> Task to complete:
Everything from the opening line of the records below up to and including the line containing "Sexy Striped Print" should be retyped exactly, minus the pictures.

> Records for processing:
%%

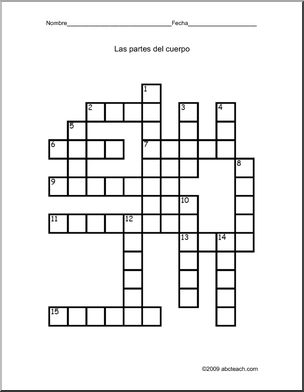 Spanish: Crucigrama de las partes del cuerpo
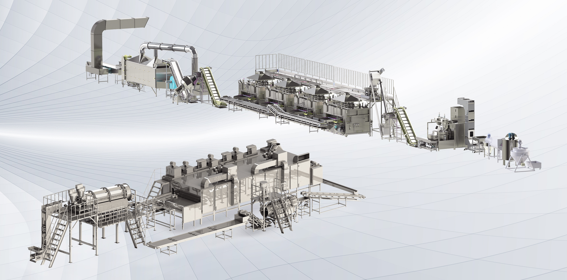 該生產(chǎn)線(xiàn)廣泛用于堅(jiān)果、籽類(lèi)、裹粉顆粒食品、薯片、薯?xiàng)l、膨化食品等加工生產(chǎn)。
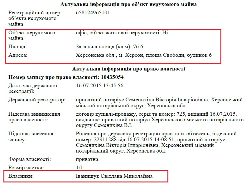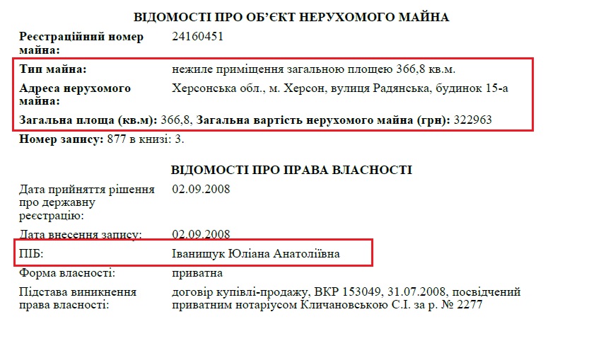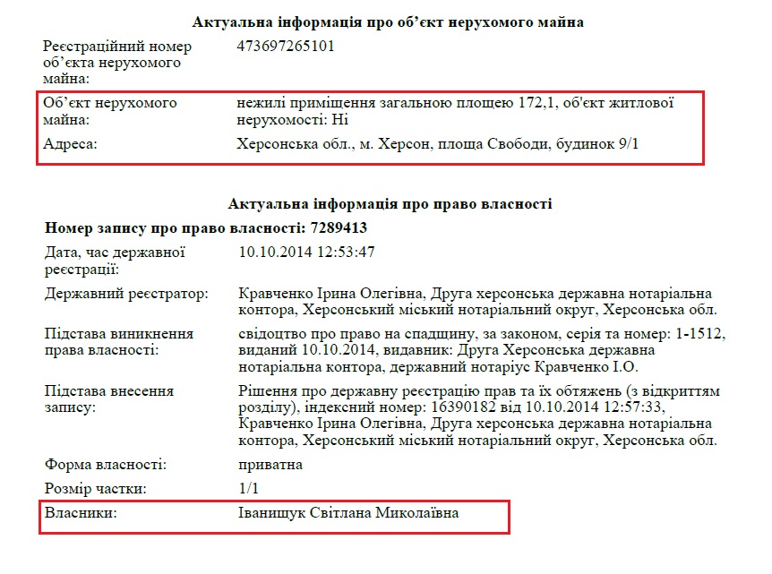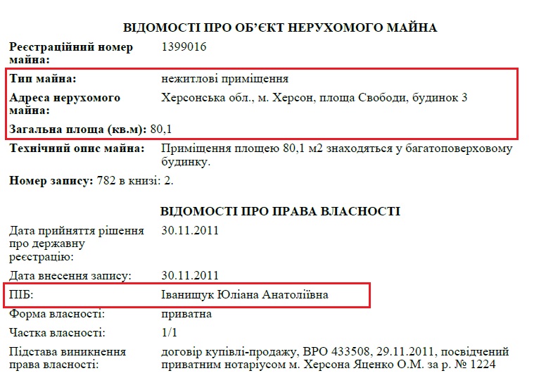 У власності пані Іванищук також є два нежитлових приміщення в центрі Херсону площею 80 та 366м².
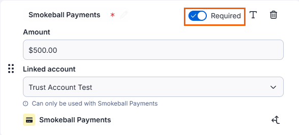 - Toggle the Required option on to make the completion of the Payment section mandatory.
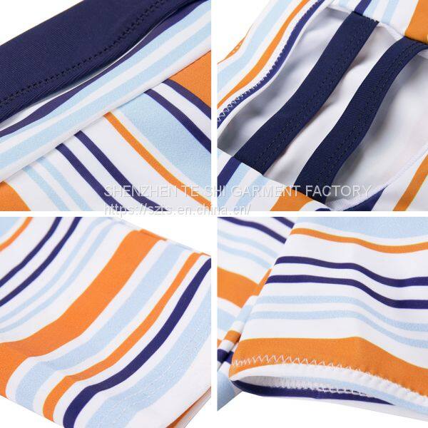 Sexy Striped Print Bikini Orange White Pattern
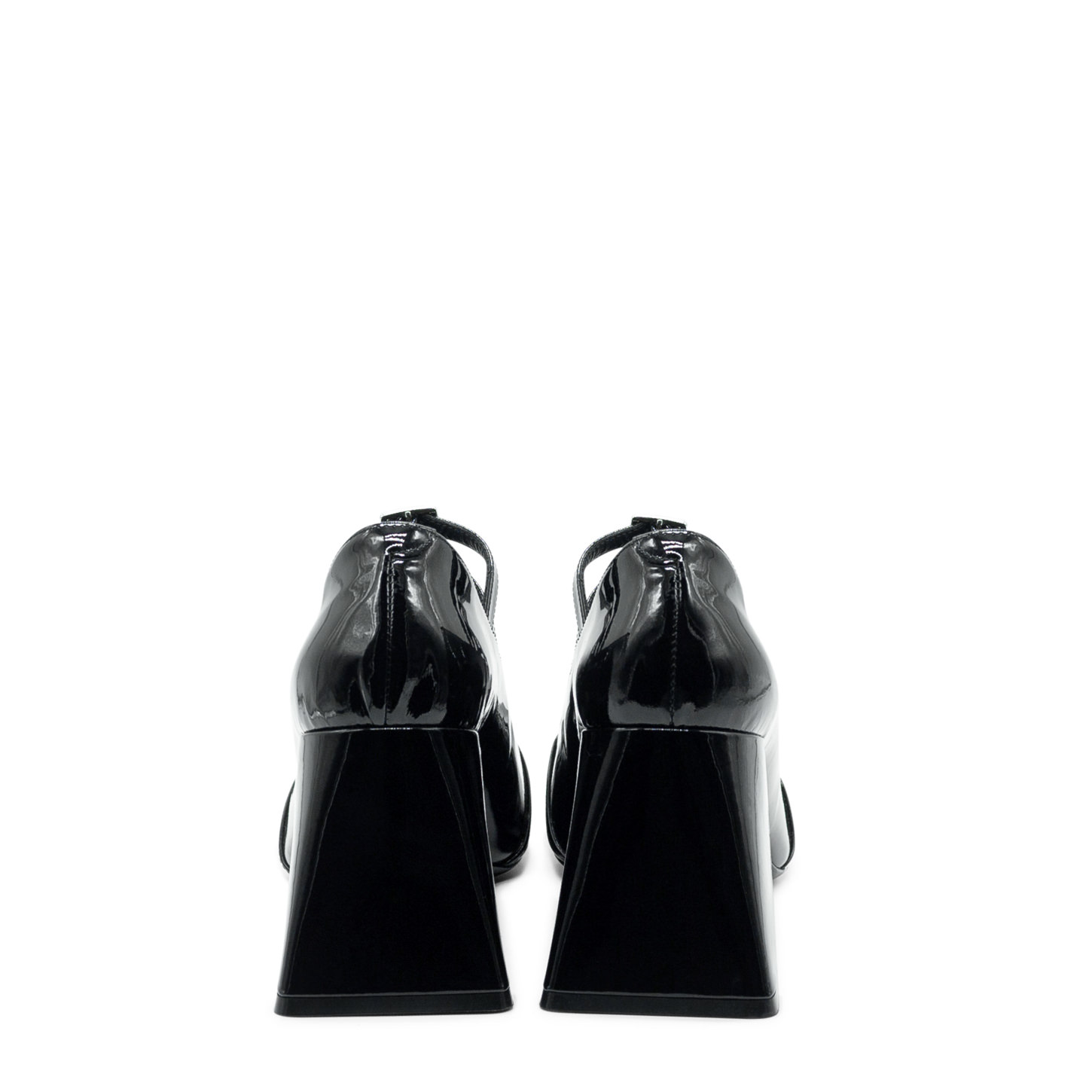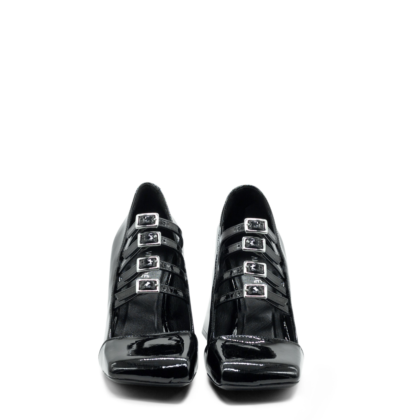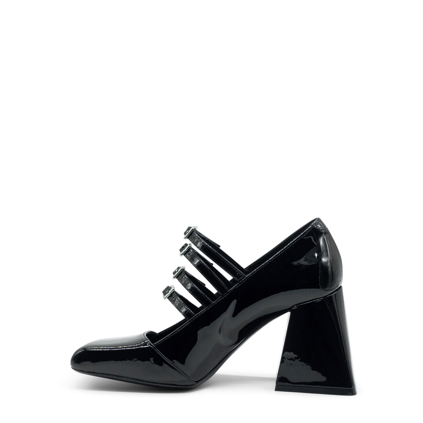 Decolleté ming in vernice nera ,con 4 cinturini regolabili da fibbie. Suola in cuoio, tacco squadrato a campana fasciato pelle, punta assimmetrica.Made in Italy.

%%

> Result below:
 Spanish: Crucigrama de las partes del cuerpo
 該生產(chǎn)線(xiàn)廣泛用于堅(jiān)果、籽類(lèi)、裹粉顆粒食品、薯片、薯?xiàng)l、膨化食品等加工生產(chǎn)。
 У власності пані Іванищук також є два нежитлових приміщення в центрі Херсону площею 80 та 366м².
 - Toggle the Required option on to make the completion of the Payment section mandatory.
 Sexy Striped Print Bikini Orange White Pattern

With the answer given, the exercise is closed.